Uma das culpadas pelo efeito ioiô é a hormona leptina. Produzida no tecido adiposo, esta hormona diz ao cérebro quanta gordura temos no corpo, permitindo que os níveis de tecido adiposo se mantenham constantes. Qualquer pessoa que já tenha feito uma dieta lutou contra o efeito «perverso» da leptina. Quando se perde peso, diminuem as células gordas e, consequentemente, o nível desta hormona, o que acaba por resultar numa maior vontade de comer coisas doces.

«A restrição alimentar torna-nos mais gulosos», esclarece Ana Domingos, 35 anos, cientista portuguesa que trabalha na equipa de Friedman. Tal como o seu mentor, Ana insiste na ideia de que o insucesso na luta contra o peso a mais não está relacionado com uma fraca força de vontade. Pode haver razões biológicas e esta é uma delas. «Ainda há muita dificuldade em encarar os obesos como pacientes», lamenta a investigadora. A predileção pelo açúcar poderá também ser «culpa» da evolução. «O cérebro alimenta-se exclusivamente de glucose. Evoluímos para a detetar», nota a investigadora.
ENSAIOS CLÍNICOS EM PORTUGAL
Friedman foi o primeiro a perceber o papel da leptina no controlo do peso. Pessoas que nascem sem a capacidade de produzir esta hormona têm um apetite insaciável e são obesas desde os primeiros anos de vida. Nestes casos, raros, a substituição hormonal apresenta resultados «milagrosos». Os pacientes levam injeções da substância em falta e passam a conseguir moderar o apetite, atingindo o peso normal.
Esta descoberta parecia a panaceia, a solução para o maior problema de saúde dos países desenvolvidos.
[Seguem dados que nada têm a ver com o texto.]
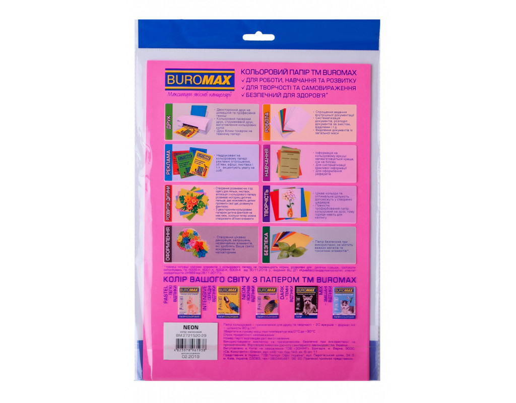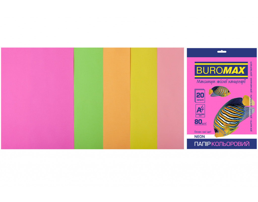 Бумага Buromax А4, 80g, NEON, 5colors, 20sh, EUROMAX (BM.2721520-99)
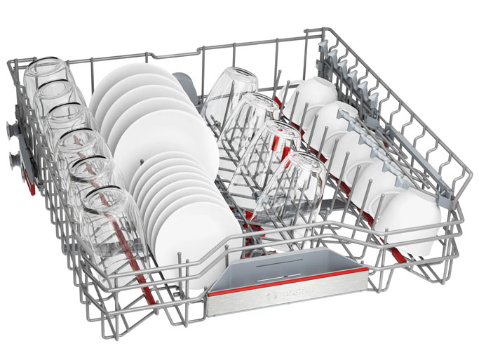Máy rửa bát Bosch SMS6ZCI00P được trang bị giàn VarioFlex Pro với chất liệu cao cấp, bền bỉ và an toàn cho sức khỏe người dùng. Giàn rửa này nổi bật với khả năng điều chỉnh linh hoạt, cho phép người dùng di chuyển các giá cài lên xuống, trái phải, cao thấp hoặc gập lại để tối ưu không gian chứa. Nhờ vào thiết kế thông minh, người dùng có thể dễ dàng điều chỉnh kích thước của giàn rửa để phù hợp với từng loại dụng cụ và tạo thêm không gian cho các vật dụng có kích thước lớn hơn, giúp đảm bảo mọi món đồ đều được rửa sạch kỹ.
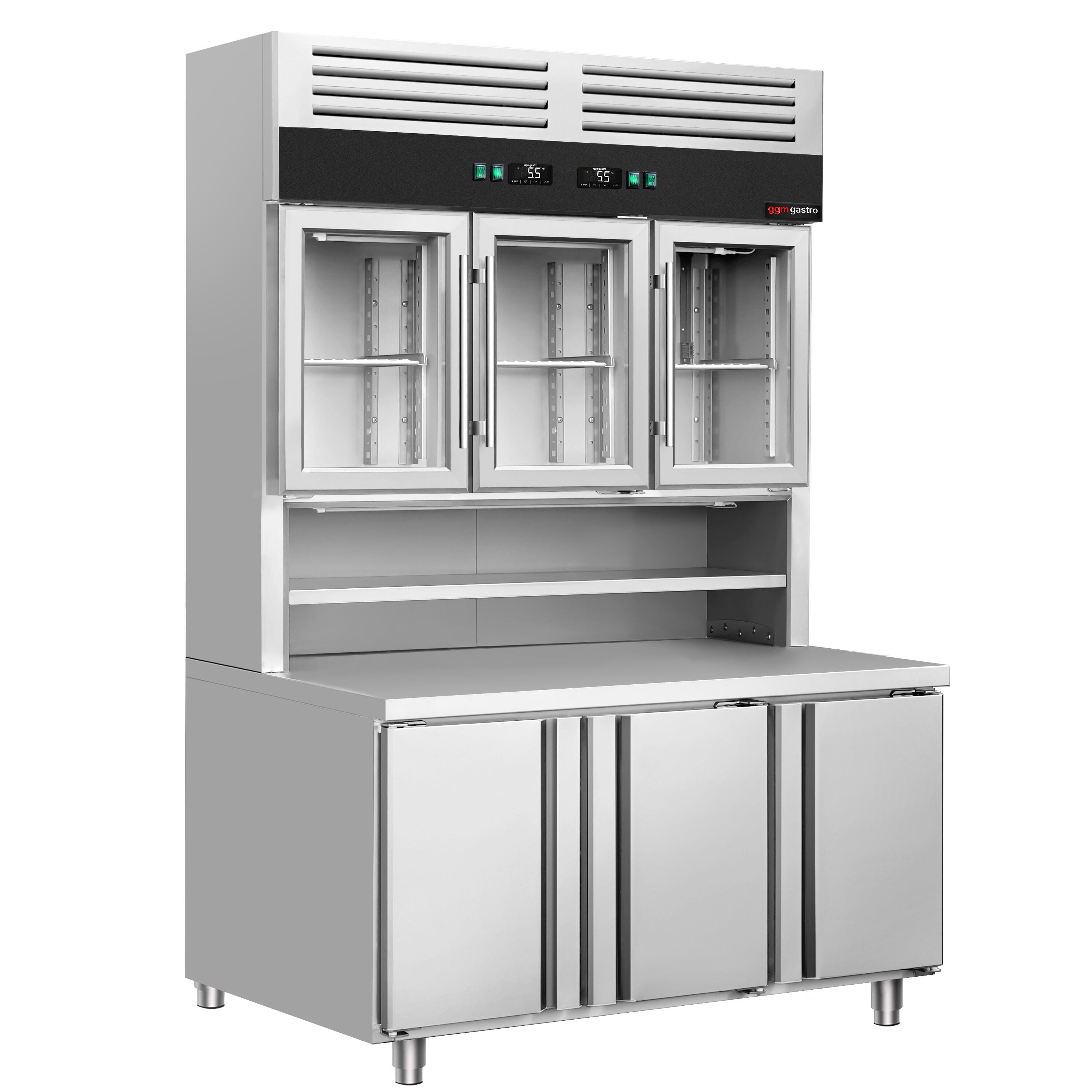 Kølekombination med top- og bundkøling - 1350 mm - 3 glasdøre øverst, 3 døre nederst og bordplade
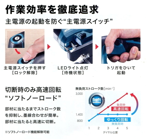 部材に当たるまでモータの回転を抑えるため 墨線合わせが容易。部材に当たると高速に切断。
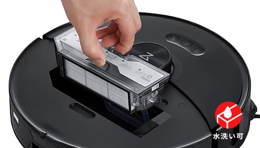 ダストボックス。ダストボックスはワンタッチで取り外して水洗いできるので、

Mas rapidamente os cientistas perceberam que nos obesos «comuns» até há excesso de leptina, só que o organismo tornou-se resistente aos seus efeitos [um processo biológico semelhante ao que acontece na diabetes, em que a insulina circula no sangue, mas deixa de atuar].

No entanto, quando ocorre diminuição dos níveis de leptina, durante uma mudança de regime alimentar ou após uma cirurgia bariátrica, a substituição hormonal faz sentido e poderá resultar.
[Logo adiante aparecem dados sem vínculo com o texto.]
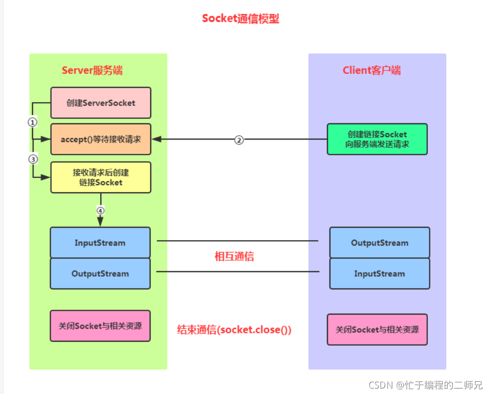 第1步:设置服务器运行服务器ServerSocket. 接受() 功能, 等待客户端连接 。
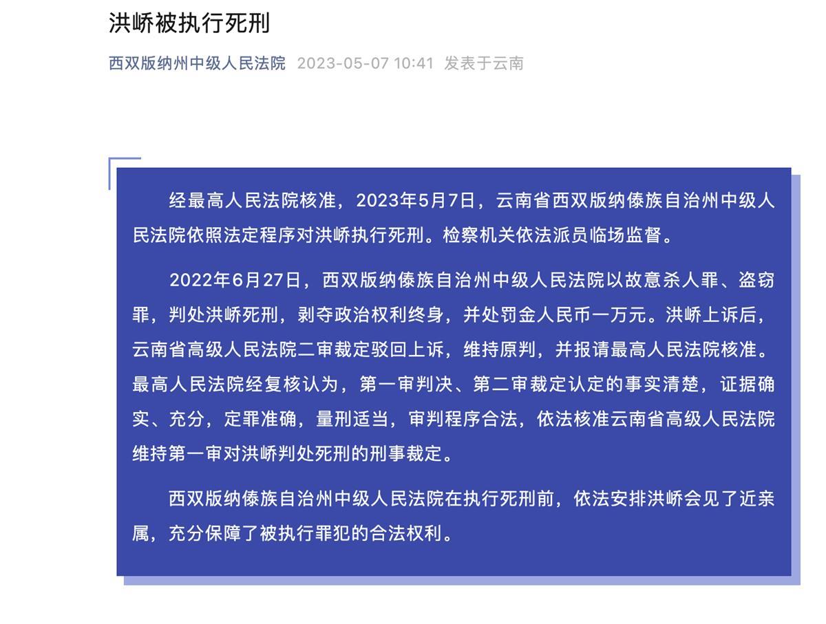 5月7日上午,西双版纳州中级人民法院发布消息称,经最高人民法院核准,2023年5月7日,云南省西双版纳傣族自治州中级人民法院依照法定程序对洪峤执行死刑。检察机关依法派员临场监督。
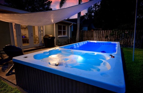 Welcome to the Boho Bungalow! Our newly transformed home has so much to offer. Open our front door and take a step into the comfort and relaxation that the Boho style elicits. After a long trip to get here, curl up on our comfy couches and wrap yourself with one of our many soft throws. Have a cup of coffee or a refreshing beverage on our front porch. Take a swim in our new pool/swim spa combo, or just sit out on the beautiful back deck and enjoy the warm sunshine. 3 bedrooms 2 full bathrooms.
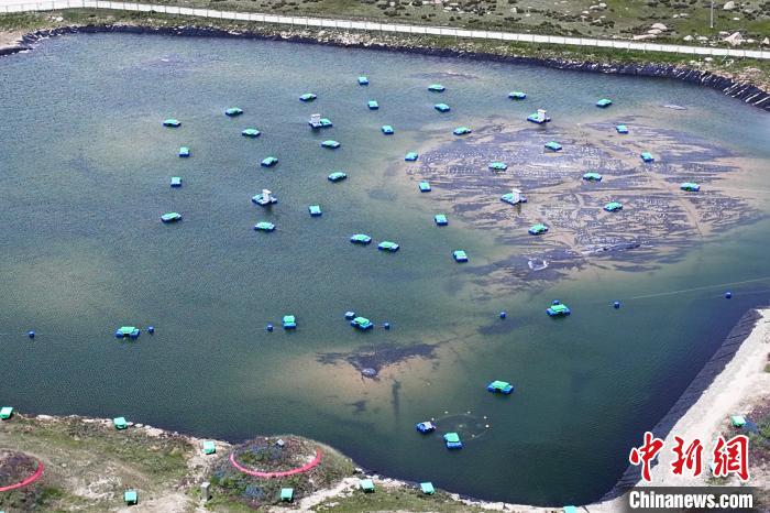圖為高山上“拉索”一處水塘中也安裝了不少探測(cè)器。(無(wú)人機(jī)照片)中新社記者 劉忠俊 攝
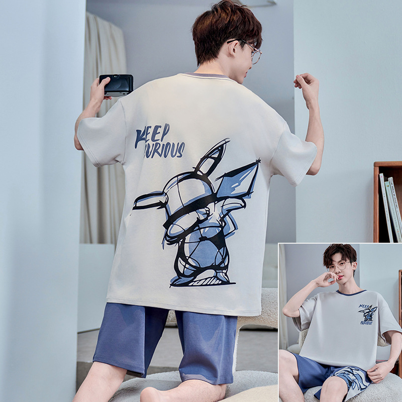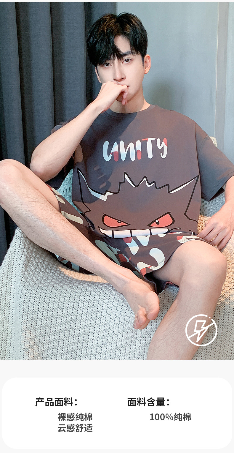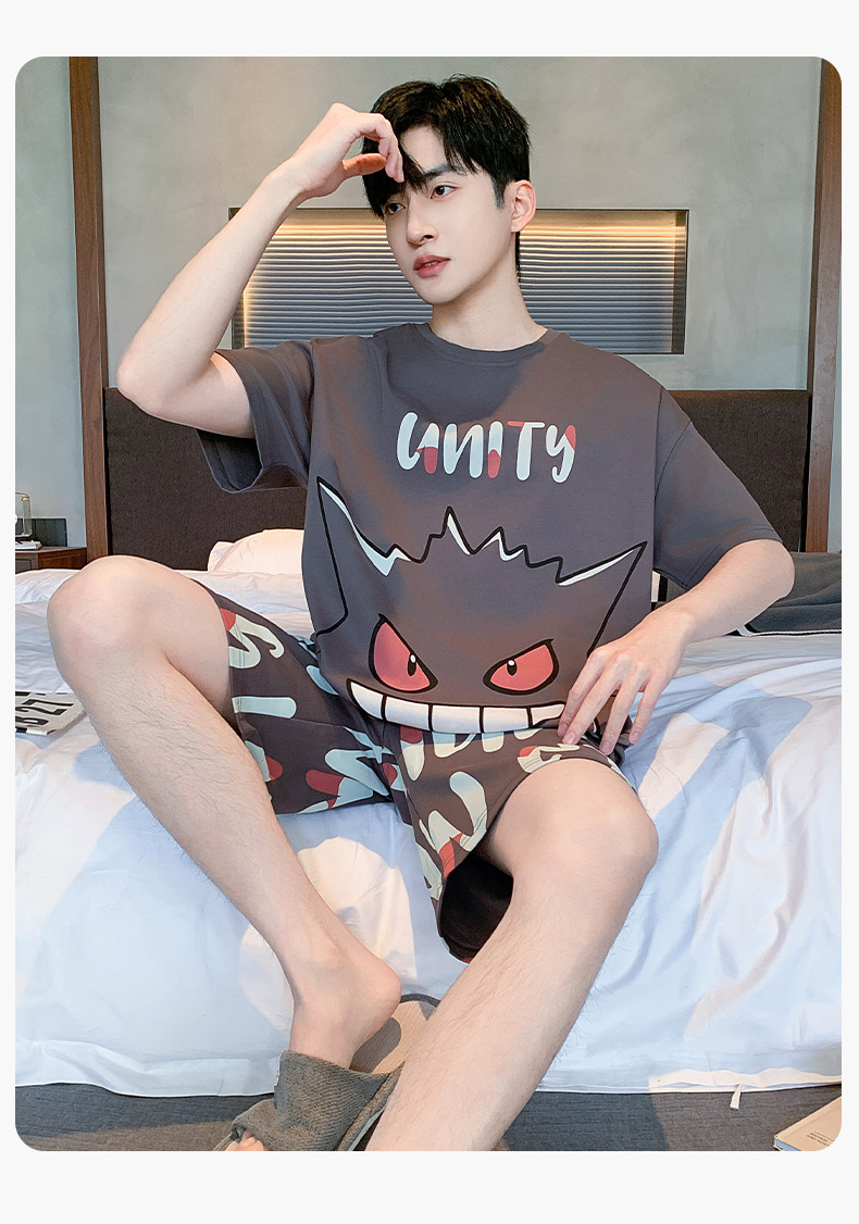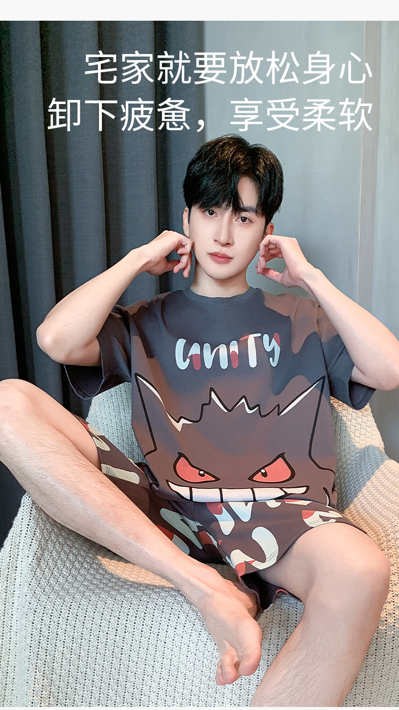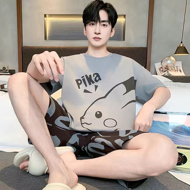 2025 새로운 도착 잠옷 남자 여름 순면 반팔 얇은 남자 십대 소년의 홈 의류 세트 여름스토어 가기
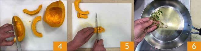 Cut the pumpkin first into slices 4 and then into small cubes 5, you will get about 14 oz. In a pan, pour a swirl of olive oil, a clove of garlic, and sprigs of thyme 6, and let it flavor for 1-2 minutes.
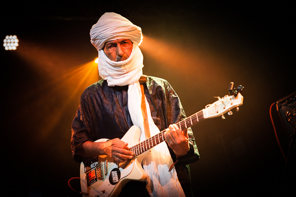 Terakaft [foto hieronder] is de volgende telg die in het kielzog van landgenoten Tinariwen al een tijdje de westerse muziekpodia afschuimt. Hun nummers zijn herleid tot de essentie, een ritmische melodie die het gros van de toearegbands kenmerkt, maar Terakaft laat de psychedelische escapades van bijvoorbeeld Mdou Moctar of Bombino achterwege. Het mooie aan Terakaft is dat het monotone karakter voor een soort van trance zorgt.
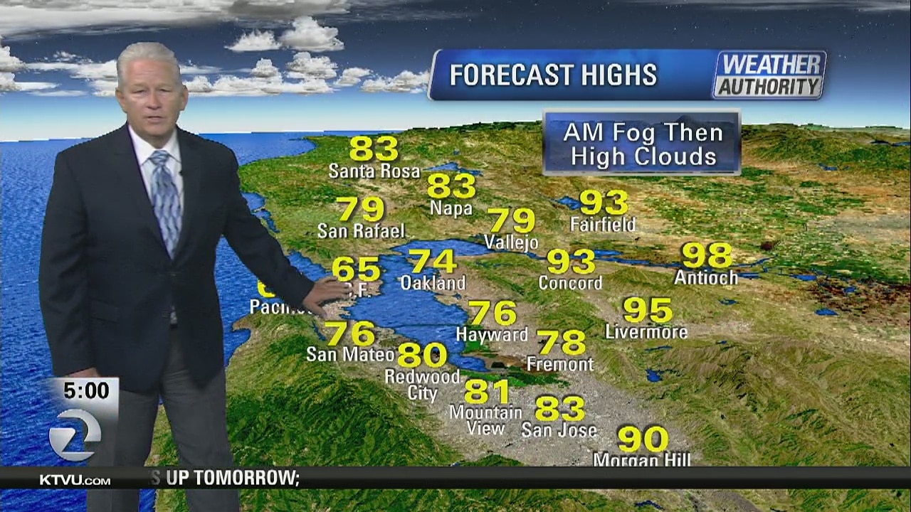 KTVU meteorologist Steve Paulson says temps will be 60s at the coast and as high as 98 degrees in Antioch.

«Nesta fase, as pessoas sofrem muito, e se lhes dermos leptina, torna-se mais fácil suportar a dieta», defende Ana Domingos, que desenvolveu os seus estudos em ratinhos. «Os doentes passam por uma imensidão de desafios, tanto no período pós-operatório como para o resto da sua vida, caso queiram mesmo deixar de ser obesos», reforça Leonor Manaças, médica do Hospital de São José, onde trata casos sérios de obesidade.
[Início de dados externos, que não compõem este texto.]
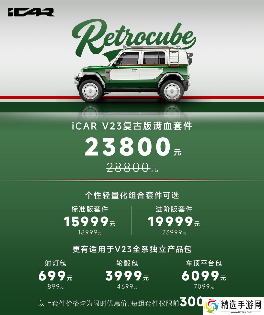 本站 7 月 21 日消息,奇瑞今晚推出了 iCAR V23 车型的复古套件,满血套件售价 28800 元,前 300 套立减 5000 元后 23800 元。这些套件采用电镀、实木等材质,凸显金属质感。
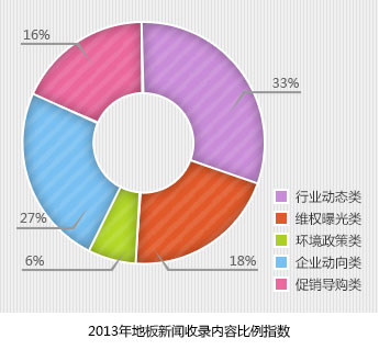 截止12月13日,2013年"地板"百度新闻收录总量5,850,000篇,其中信息量较多的前五类新闻内容比例情况如下:
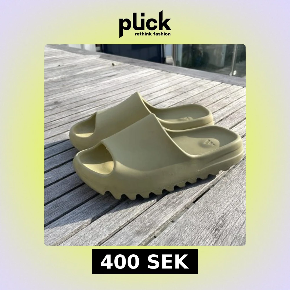 Säljer ett par beige Adidas Yeezy Slides med chunky, sågtandad sula och öppen tå. Tillverkade i syntetmaterial och har en clean, minimalistisk design som är riktigt trendig just nu. Perfekta för sommaren och chill dagar.
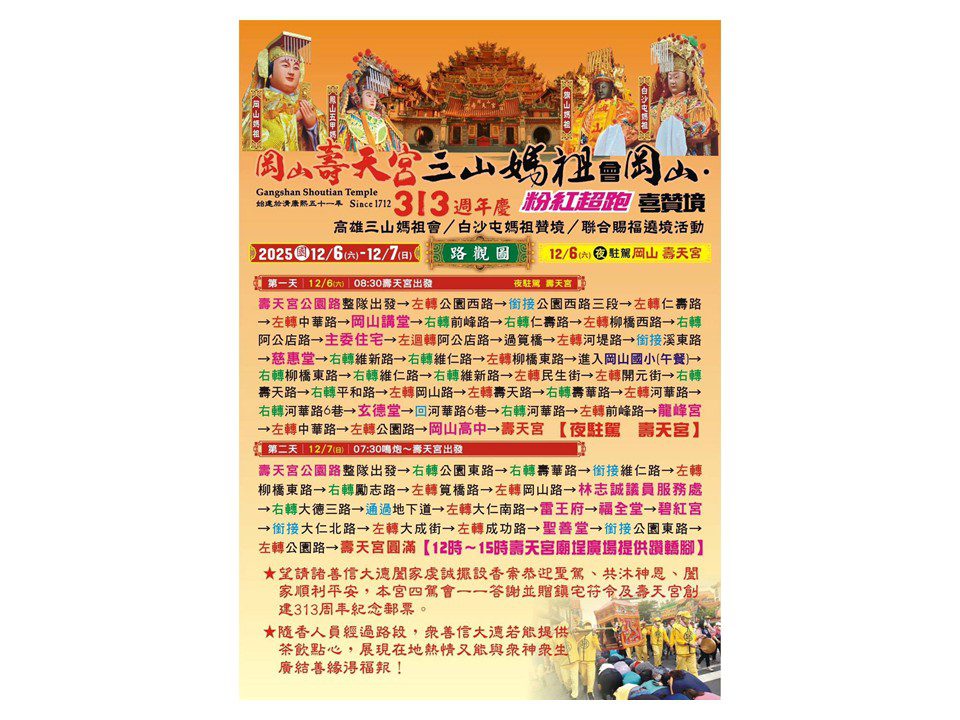 【焦點時報/記者張淑慧 報導】四大天后神光齊聚,聖母慈恩護佑台灣!為慶祝建廟313週年的盛大慶典,高雄岡山壽天宮將於民國114年12月6日(星期六)至7日(星期日),隆重舉辦「高雄三山媽祖&白沙屯媽祖會岡山」賜福遶境活動。這場宗教盛事不僅是地方信仰的焦點,更將寫下台灣媽祖信仰的新頁。

A equipa da universidade nova-iorquina está preparada para começar a testar a terapêutica de substituição em pessoas, e já recebeu luz verde da FDA (organismo americano responsável pelo medicamento). Mas, até agora, «nenhum médico foi capaz de referenciar doentes para o ensaio clínico», lamenta Ana Domingos, que está a considerar regressar a Portugal e não descarta a hipótese de fazer os ensaios por cá.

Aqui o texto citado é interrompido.